Lauren Chong; Silas Taylor; Matthew Haywood; Barbara-Ann Adelstein; Boaz Shulruf

doi:10.3352/jeehp.2018.15.17

Abstract

Purpose

The biases that may influence objective structured clinical examination (OSCE) scoring are well understood, and recent research has attempted to establish the magnitude of their impact. However, the influence of examiner experience, clinical seniority, and occupation on communication and physical examination scores in OSCEs has not yet been clearly established.

Methods

We compared the mean scores awarded for generic and clinical communication and physical examination skills in 2 undergraduate medicine OSCEs in relation to examiner characteristics (gender, examining experience, occupation, seniority, and speciality). The statistical significance of the differences was calculated using the 2-tailed independent t-test and analysis of variance.

Results

Five hundred and seventeen students were examined by 237 examiners at the University of New South Wales in 2014 and 2016. Examiner gender, occupation (academic, clinician, or clinical tutor), and job type (specialist or generalist) did not significantly impact scores. Junior doctors gave consistently higher scores than senior doctors in all domains, and this difference was statistically significant for generic and clinical communication scores. Examiner experience was significantly inversely correlated with generic communication scores.

Conclusion

We suggest that the assessment of examination skills may be less susceptible to bias because this process is fairly prescriptive, affording greater scoring objectivity. We recommend training to define the marking criteria, teaching curriculum, and expected level of performance in communication skills to reduce bias in OSCE assessment.

Introduction

The sources of bias that may influence objective structured clinical examination (OSCE) scores are well understood, and include the halo [1], ‘hawk-dove’ [2], contrast [3], and site [4] effects, in addition to the examiner’s familiarity with the students [1] and the duration of the examining period [1]. Recently, research has attempted to establish the magnitude of the impact of these various sources of bias and their propensity to influence particular domains of assessed competency, such as communication. For example, a previous study attributed up to 11% of variance in awarded marks to the examiner contrast effect in OSCE-type settings [3]. With respect to gender bias, male examiners have been found to award significantly higher communication skills ratings to female candidates [2], although this may be confounded by females’ tendency to perform better in this context than their male counterparts. While the effects of different biases within the communication skills domain have been explored in some depth [5], the same does not hold true for specific assessed competencies, such as physical examination or practical skills.
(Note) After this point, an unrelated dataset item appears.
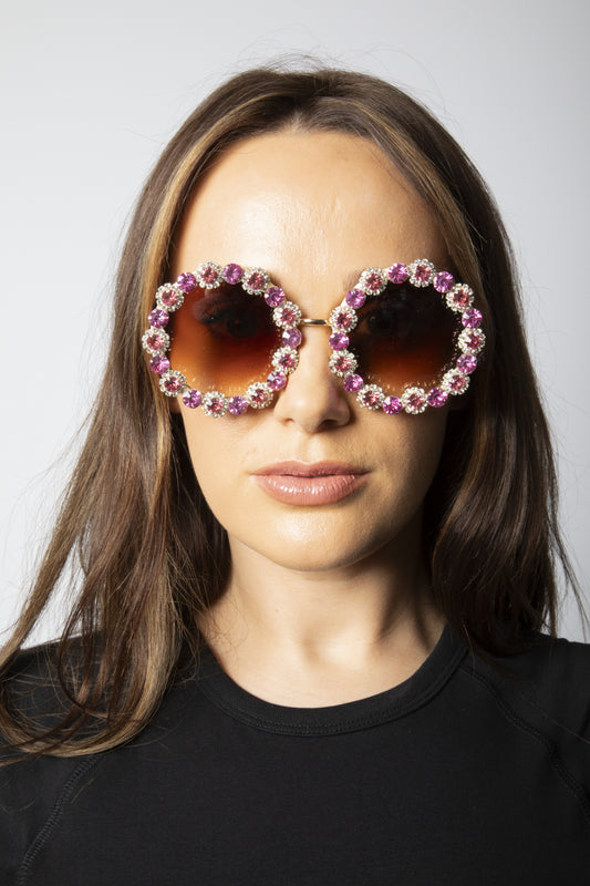 Round Floral Crystal Gem Sunglasses in Pink

Attempts have also been made to delineate the somewhat inter-related effects of examining experience, the clinical seniority of the examiner, and examiner occupation on OSCE ratings. It has been recognised that examiners become more stringent within a single session as they examine more candidates; however, greater leniency is exhibited by untrained examiners than by trained ones [6]. It can be argued that ‘background’ and ‘experience’ are conflated in some studies, in much the same way that medical student examiners marking more generously than both ‘teaching doctors’ or ‘senior academic(s)’ may be explained in terms of their clinical and examining inexperience [7]. However, these 2 variables are not necessarily correlated, and the general failure in the literature to accurately distinguish among examiner characteristics with respect to experience, occupation, and rank/seniority makes it almost impossible to draw any inferences regarding the relative importance of these variables.
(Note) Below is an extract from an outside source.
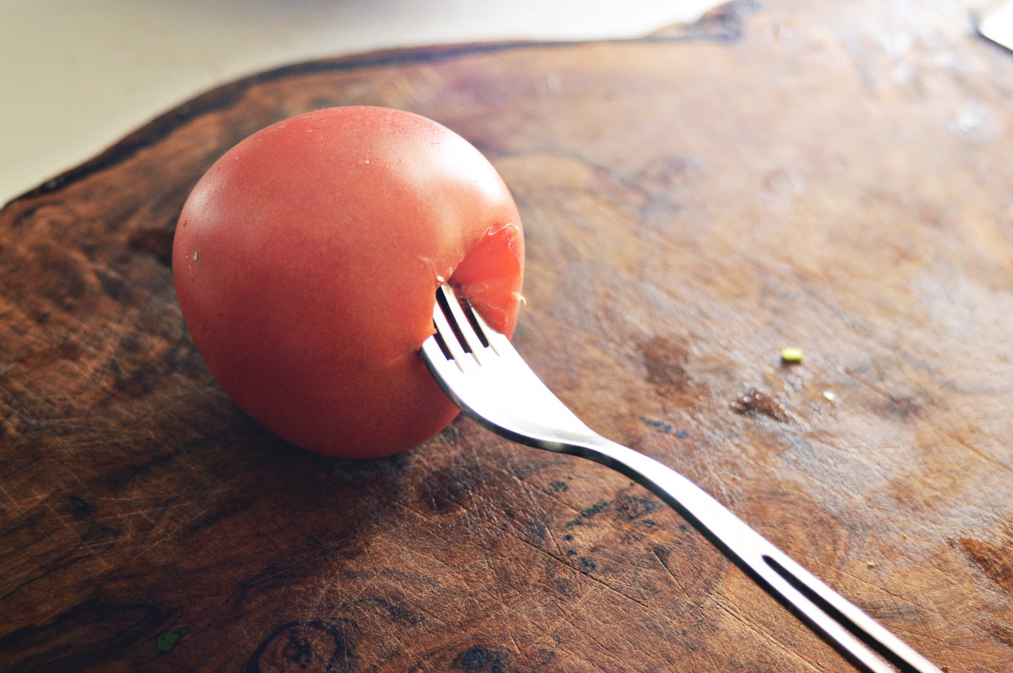 湯剥きする際は写真のように、トマトのヘタを取り除いてフォークを突き刺したまま、ガスコンロの直火で皮を炙ったり、沸騰した湯に浸けたりすると簡単です。

With regard to examiner occupation, it is important to understand that this descriptor encompasses not only clinicians who may or may not specialise in the assessment subject, but also doctors-by-degree who work full-time in academia. While some evidence suggests that physician examiners’ familiarity with a speciality does not influence the marks they award, examiners may use themselves as a reference point when grading a student, leading to harsher candidate ratings as they become more experienced [3].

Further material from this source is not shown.